Puur financieel bekeken zou Studio 100 tientallen Vlaamse filmmakers moeten inspireren. De films over K3 en Kabouter Plop zijn low cost en high income, de favoriete combinatie van elke accountant. Ze worden op goedkopere high definition- video gedraaid in plaats van op pellicule, het aantal draaidagen blijft beperkt, de decors zijn gerecycleerd en de acteurs staan op de loonlijst van de tv-projecten. Desondanks lopen de titels als een trein op video en dvd, en houden ze onderweg een hele merchandising-machinerie op gang.

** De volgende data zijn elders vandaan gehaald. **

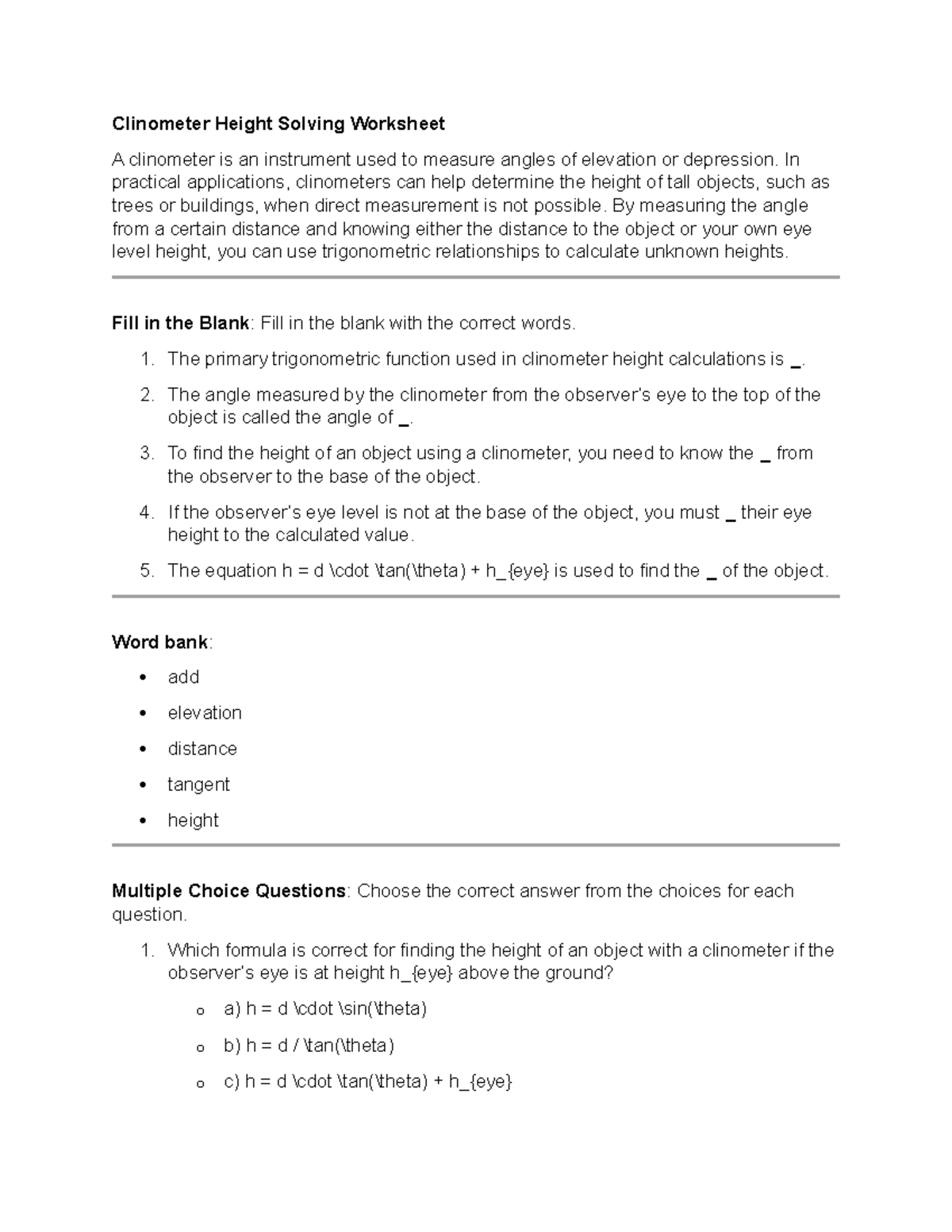 Clinometer Height Calculation Worksheet: Trigonometric Applications ...
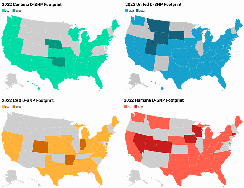 Humana will expand its D-SNP footprint significantly in CY 2022 by offering or acquiring D-SNPs in six new states (Colorado, Connecticut, Iowa, Nevada, Utah, and Wisconsin). Molina HealthCare also expanded in CY 2022 with five new states and UnitedHealthcare added four states.
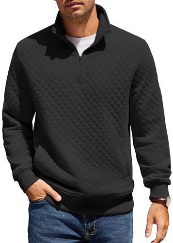 COOFANDY Mens Quarter Zip Pullover Quilted Sweatshirt Knit Long Sleeve Mock Neck Sweater Polo with Pocket … Read More
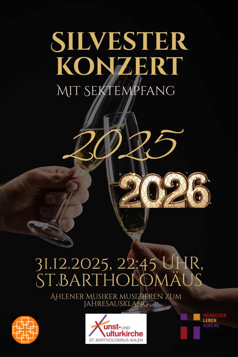 Einen Jahreswechsel mit Schwung - Swing und Klassik, dazu weihnachtliche Ensemble Musik erleben Sie am 31. Dezember um 22:45 Uhr in der Kunst-und Kulturkirche St. Bartholomäus, Ahlen. Im Anschluss um 24 Uhr laden wir zum gemeinsamen Anstoßen auf dem Kirchplatz an der St. Bartholomäuskirche ein. Mit dabei sind Hubertus Rustige (Trompete), Ann Katrin Hoffmann (Gesang) und Eduard Oldenburger (Gitarre), Susanne Mandelkow (Querflöte), Larissa Neufeld, Klavier u.a. Vor Beginn des Konzertes werden die Besucher mit Orgelmusik 4-Händig zum Jahresausklang begrüßt.
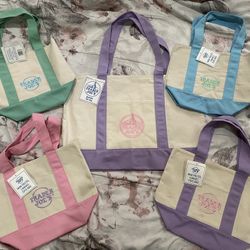 Trader Joe's LARGE Lavender Canvas Tote Bag AND 4 Mini Pastel Canvas Tote Bags$70Cypress, CA
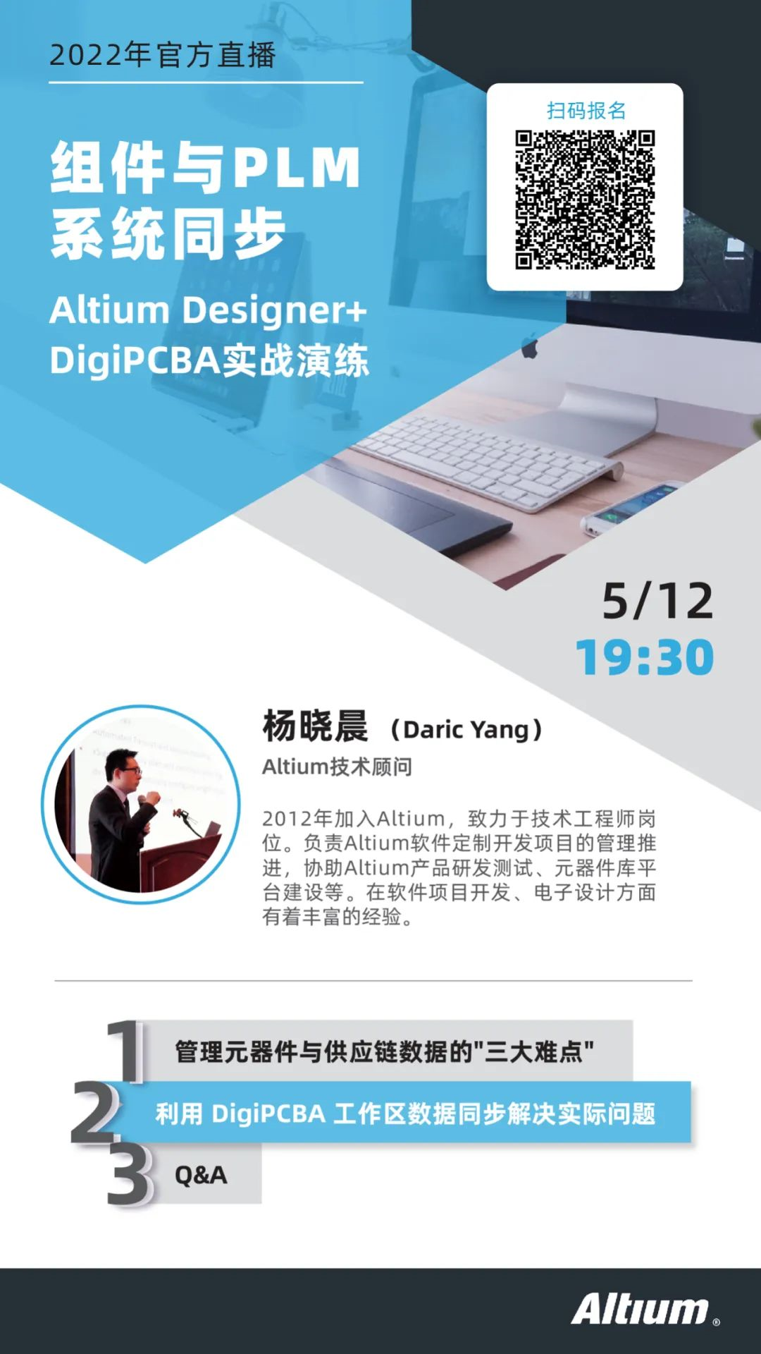 本周四5月12日19:30,Altium Designer + DigiPCBA系列課程將迎來最后一節:“組件與 PLM 系統同步”,該系列的往期課程回放已上傳至B站【Altium中國】,錯過直播的同學可前往觀看。
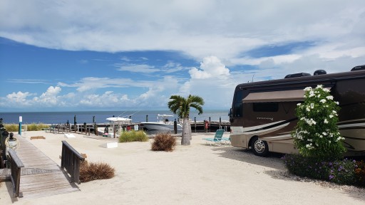This place was exactly what I was looking for with taking the family to the keys on a camper. Beautiful view waterside. Goods: walking distance to the dolphin research center, friendly staff and had a pool. We took a native taxi to sombrero Beach. Awesome beach. It had a small boat dock and a fishing site. Bads: cable and wifi were not good. No private beach for swimming, very small campground. Booked it at last minute, they had a cancellation. Staff was very accommodating. They gave me a courtesy call two days before and the day of my arrival. Kiddos loved it.
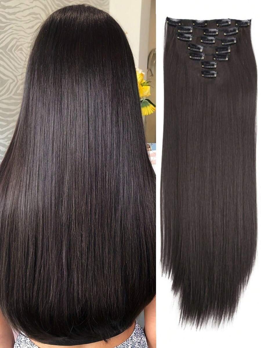 7pcs/Set 16" Clip-In Hair Extensions, Black Straight Hair, Natural Ombre, Heat Resistant Fiber, For Women

Geen enkele Vlaamse film kan zo’n palmares voorleggen. Zelfs De Zaak Alzheimer niet, met 750.000 toeschouwers in de box office nochtans het nieuwe wonderkind van de Vlaamse cinema. Alzheimer, met zijn voor Vlaanderen gigantische bioscooprecette van 4,5 miljoen euro, is economisch gezien namelijk een verliesproduct – een statement dat, laten we mild zijn, voor 99,9 procent van de Vlaamse filmproducties geldt. Rekent u even met ons mee. Van de 4,5 miljoen euro aan bioscooptickets blijft ongeveer veertien procent plakken bij de BTW, bij de auteursrechtenvereniging Sabam en bij de gemeenten, die vaak ’taksen op vermakelijkheden’ bij de bioscoopuitbaters heffen. Omgerekend 630.000 euro. Van de resterende 3,9 miljoen romen de bioscoopexploitanten zelf 55 procent af – een slordige 2,1 miljoen euro die de afschrijving van de cinemacomplexen en de lonen van het personeel moeten dekken. Vóór de overblijvende 1,8 miljoen euro naar de producent terugvloeit, verrekent de verdeler eerst nog een kleine 300.000 euro release fee, die de kosten moet dekken voor de kopieën, de ondertiteling en de promotie. En dan is er nog het part van de distributeur. Afhankelijk van het onderhandelingstalent van de producent schommelt dat tussen de twintig en de veertig procent van de netto-opbrengst aan het bioscooploket. Dus blijft er bij de eindafrekening niet meer dan 1,2 miljoen euro over voor de producent, een extraatje van een half miljoen euro netto voor de verkoop van de rechten in twintig landen even buiten beschouwing gelaten. En daarvan moeten dan nog de voorschotten van de distributeur worden afgetrokken, waardoor het restbedrag met veel goede wil de helft van de totale productiekost dekt.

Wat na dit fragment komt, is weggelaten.